Buy Plant Starts? Or Grow Your Own?

Vegetable Starts

How to get the best organic and heirloom vegetable starts for your garden.

Organic gardeners are faced with a dilemma this time of year. How do we obtain organically raised vegetable starts for placement in our gardens? The best answer of course is to start them ourselves. This allows us to control all the variables — the seed, the starting mix, any amendments or rooting formulas we might use — without using or having any unnecessary concern for herbicides, pesticides, inorganic soil additives, or such chemicals as growth regulators.

Of course, there are situations that motivate us to look for plant starts. Maybe we’ve discovered that we have extra room in the garden, maybe some of our seed didn’t germinate, or maybe some of our starts had problems with damping off or other diseases. In my case, I find that I’m just unable to start all the different kinds of plants I want to grow that require the head-start of a few weeks ahead of being set out in the garden.

Luckily, more and more nurseries and gardening supply stores are offering organic starts as well as the kind of heirloom plants that large commercial nurseries and big box home supply stores don’t carry. And there are increasing number of mail-order nurseries that will ship organic and heirloom plants to your door. If you’re lucky enough to have a near-by nursery of this sort by all means take advantage. And by take advantage we mean in more ways than just buying their plants.

Local nurseries are a great source of advice. I’ve heard complaints that they’re more expensive than buying plants and other gardening supplies at your local franchise home and building supply store such as Home Depot and Lowe’s. While this may be true, your locally-owned nursery always offers something the big box suppliers don’t: first-hand, experienced information specific to your area. (Full disclosure: We once encountered a very knowledgeable store clerk in the nursery section of one of those big box stores, someone who was obviously an experienced gardener who could speak to soil conditions, natural growing techniques, and the best varieties for our region. Fuller disclosure: She often recommended we go to our locally-run nursery to buy our plant starts rather than the root-bound, leggy starts that had been trucked hundreds of miles to the store).

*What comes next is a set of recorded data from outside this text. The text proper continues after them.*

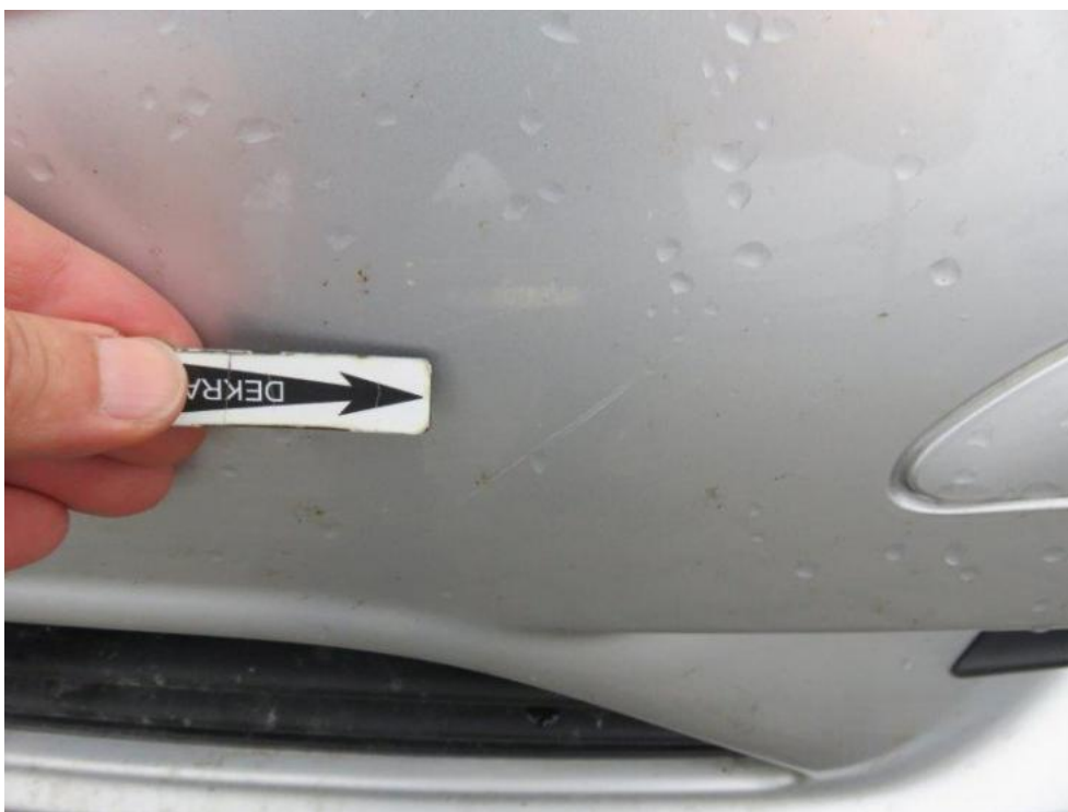
Fot. 21. zderzak przedni
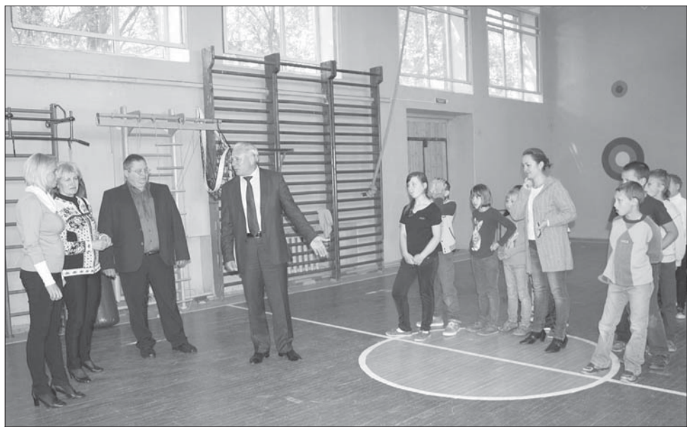
Отремонтированный спортзал Нагорной школы
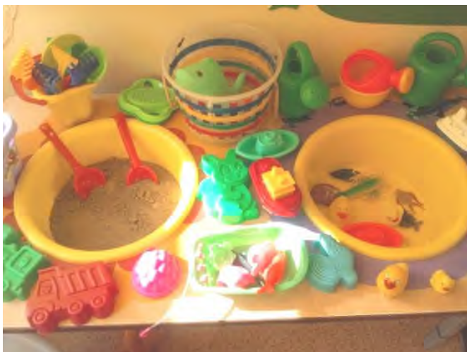
Игры с песком и водой.

Центр игровой деятельности для сюжетно-ролевых и режиссерских игр (театрализованная деятельность, ряжение, освоение социальных ролей и профессий и пр.) для настольно-печатных и развивающих игр (рассматривание иллюстрированного материала, дидактические игры и пр.);
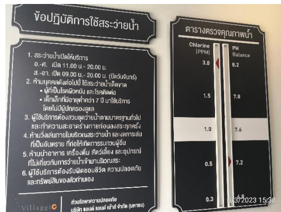
รูปที่ 2-20 ตรวจสอบน้ำในสระว่ายน้ำเป็นประจำ

So if you’re buying starts from a local nursery, talk up the employees. Sure, you can ask for the usual “how-to-grow” and “what-variety-is-best” advice. But also ask them when the plants were started, what the growing medium is, and when you should expect to set them out in the garden. Ask about the best way to harden off the plants you purchase. Ask them if they’ve used any fertilizers (organic, of course) or soil amendments. Ask them how long you should wait until you add any fertilizer after setting out plants. Ask about their water needs.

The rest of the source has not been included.